Heinrich Proch (22 July 1809 – 18 December 1878) was an Austrian composer.

Born in Vienna, Proch studied jurisprudence and completed his training as a violinist in his native city. From 1834 to 1867, he was a member of the Vienna Hofkapelle. He was also Kapellmeister at the Theater in der Josefstadt between 1837 and 1840, after which he became First Kapellmeister at the Theater am Kärntnertor, the predecessor of the Vienna State Opera. Besides his conducting duties, Proch also worked as a singing teacher. His notable students included Róza Csillag, Anna Sachse-Hofmeister, Clara E. Thoms and Thérèse Tietjens.

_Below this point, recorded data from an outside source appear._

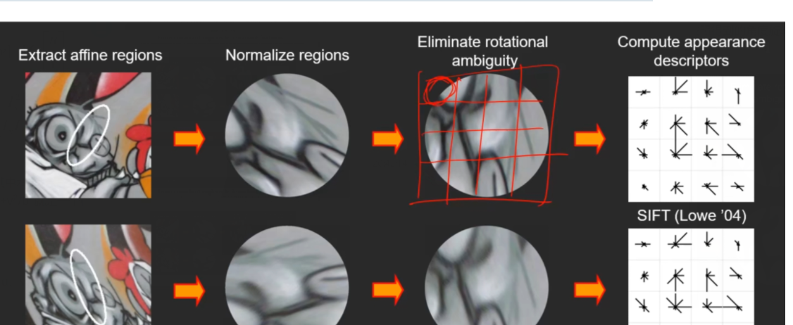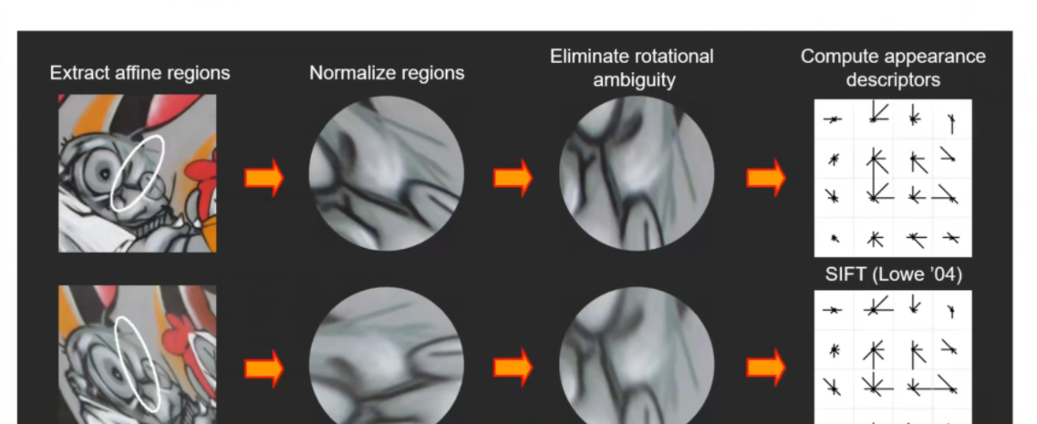可以看到针对于房屋这个例子,要比较尺度里面的内容是比较容易的,因为它没有经过视角变换,只有尺度的变换,也就是只做了放大放小的操作,里面的内容基本一致。但是看到涂鸦的这个例子是进行了视角变换的,那么想要比较里面的内容,首先的一个思想就是将这个尺度变为同等大小的圆,在比较里面的内容。
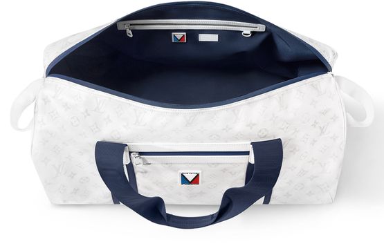 Part of the 37th America’s Cup collection, the Keepall Sport bag is made from Monogram Storm canvas, a water-resistant canvas with subtle Monogram embossing. The sporty colorway, aqua-zips for protection against moisture, and the LV fast-release buckle, all evoke the maritime world of the America’s Cup. A removable strap and top handles give carry options.
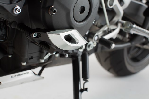 Engine Case Protector for Yamaha XSR900 (16-), XSR900 Abarth (17-), MT-09 (14-) and MT-09 Tracer (14-)Protector for left engine case, machine milled from high-strength aluminum alloy. The elegant construction effectively prevents severe damage to the exposed parts of the engine case in case of ground contact or an accident. The protector consists of a black anodized aluminum frame and a silver anodized aluminum pad.
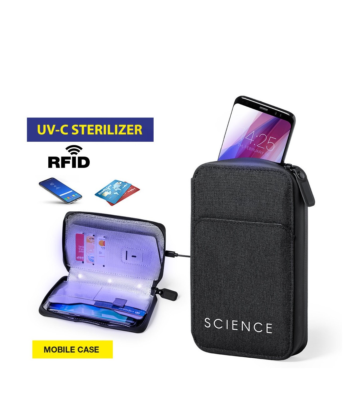 Organizador y esterilizador de luz ultravioleta tipo C, con protección RFID (Identificación por Radio Frecuencia) que mantiene seguros tus dispositivos de transmisión de identidad. Especialmente diseñado para la eliminación de microorganismos y bacterias en smartphones y otros objetos de uso cotidiano. Fabricada en resistente poliéster 600D de acabado denim, con cierre magnético de seguridad en tirador para un uso seguro del dispositivo. Incluye 4 tarjeteros interiores + bolsillo exterior. Presentado en atractiva caja individual de diseño. Potencia LED 1.2W y longitud de onda 275nm. Tiempo de esterilización con función auto-apagado de 1 y 3 minutos. Disponible manual de usuario en español e inglés. Disponible certificación CE, RoHS y de efectividad germicida. Para un uso adecuado del producto, evitar el contacto con la piel y los ojos.
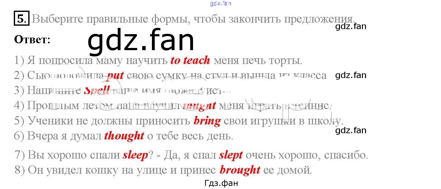 Проверка домашнего задания всегда занимает большое количество времени. На помощь приходит ГДЗ фан по Английскому языку пятого класса. Здесь собраны популярные ответы на 5 (стр. 97) Английский язык 5 класс Rainbow English Афанасьева О.В.
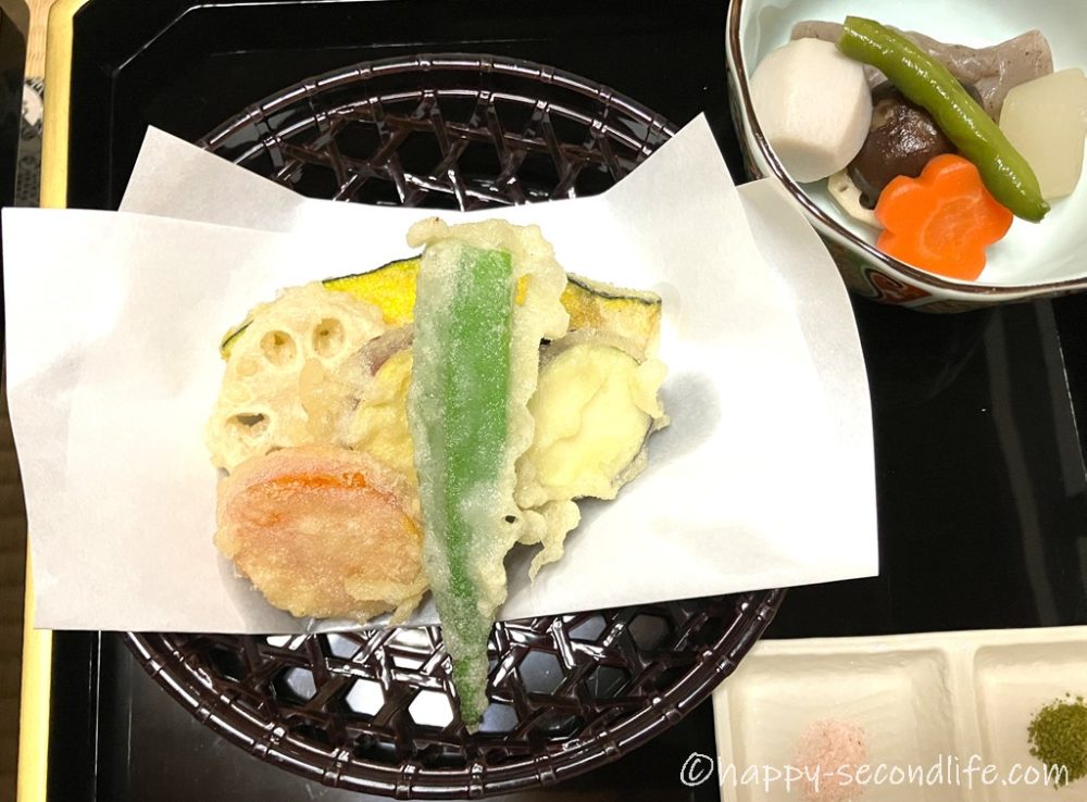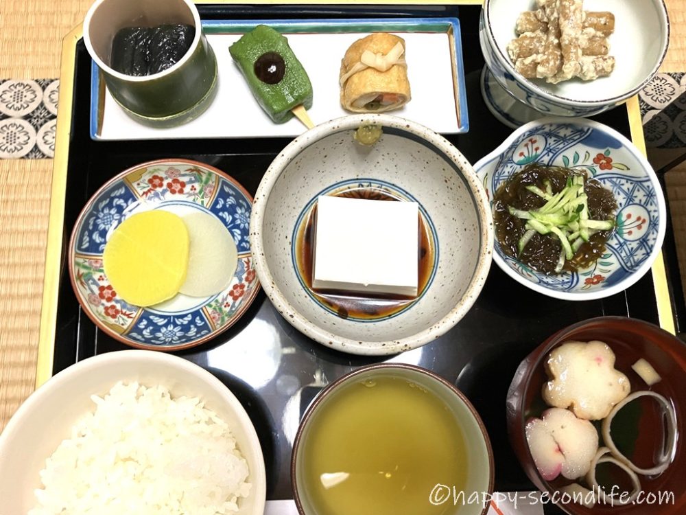 この他にお代わり自由のご飯のおひつとお茶のセットがありました。精進料理の夕食は好みがあると思いますが、私はとてもおいしくいただきました。
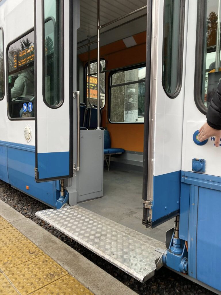 «Зробили так, щоб цей трамвай був зручний для маломобільних пасажирів: людей на кріслах колісних, з милицями, для мам із візочками, ветеранів на протезах, для людей старшого віку», – пояснив очільник громади.
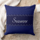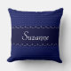 Blue swirl pattern pillow you can personalise with any name. Front has the name, back has a cat silhouette.
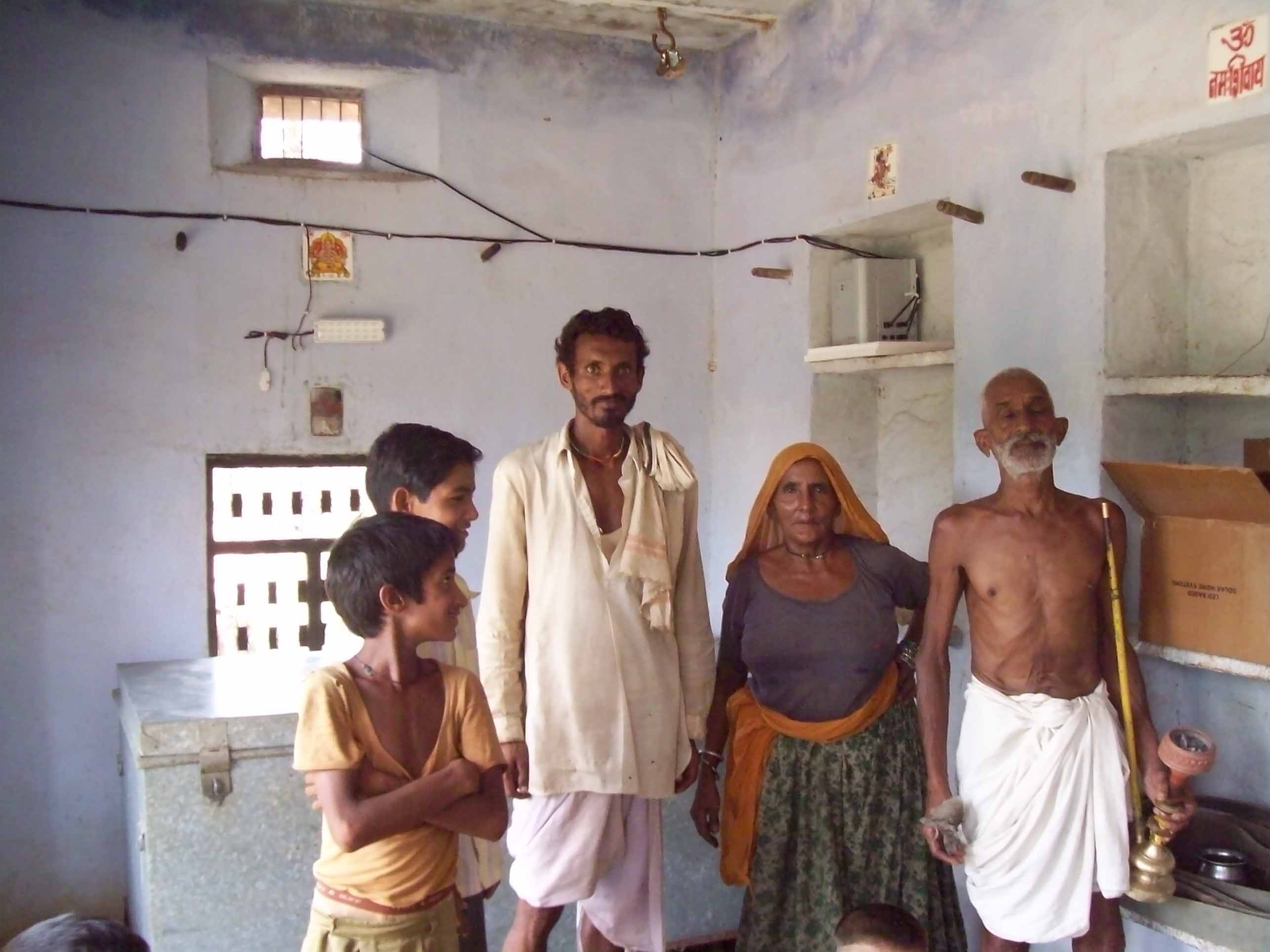 We finally reached the village Dewari Gowada- at around 12.30 p.m. The villagers, perhaps dressed -up for the occasion, had gathered at the primary school awaiting our arrival. The sarpanch (nominated head of the village) welcomed us warmly and the oldest member of the community tied coloured threads around our wrists and put a “tilak’” on our foreheads. A thanks giving ceremony followed and the statement of one of the elderly villagers moved us deeply when he said “ I had never imagined that during my life- time I would be able to see the electric light in our houses.” Another old villager said “though India got independence in 1947, for us this auspicious occasion came on the day our huts were lit.” For them it was like a dream come true.
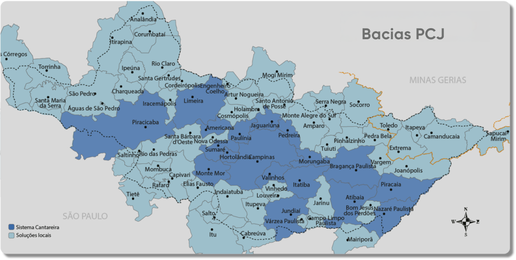 Nas Bacias PCJ, costuma-se considerar as 19 cidades paulistas cujo abastecimento hídrico é diretamente influenciado pelas descargas de água do Sistema Cantareira. São elas: Americana, Atibaia, Bom Jesus dos Perdões, Bragança Paulista, Campinas, Hortolândia, Jaguariúna, Jundiaí, Itatiba, Limeira, Monte Mor, Morungaba, Nazaré Paulista, Paulínia, Pedreira, Piracaia, Piracicaba, Sumaré e Valinhos. Além disso, há dezenas de municípios que não dependem diretamente das calhas dos rios influenciadas pelo Sistema Cantareira para abastecimento e, portanto, utilizam outros mananciais.
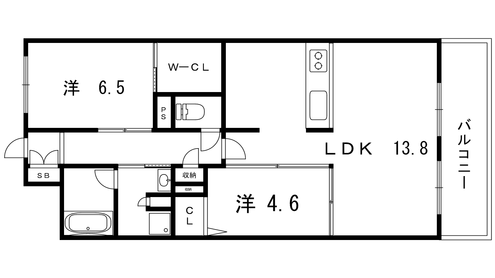 - 洋室4.6帖、LDK15.6帖、洋室5.5帖

He composed one opera (Ring und Maske), three operettas (Die Blutrache, Zweiter und dritter Stock and Der gefährliche Sprung), incidental music, orchestral works, and chamber music, as well as over 200 lieder, and won further distinction for his translations of Italian operas (e.g., Verdi's Il trovatore, Donizetti's Don Pasquale). Today, his most famous composition remains the air with variations Deh! torna mio bene, a virtuosic work for coloratura soprano that has been recorded by most sopranos from Luisa Tetrazzini and Amelita Galli-Curci to Maria Callas.

Proch died in Vienna. His daughter, Louise Proch, became a well-known singer and actor. His sister was pianist and composer Friederike Proch Benesch.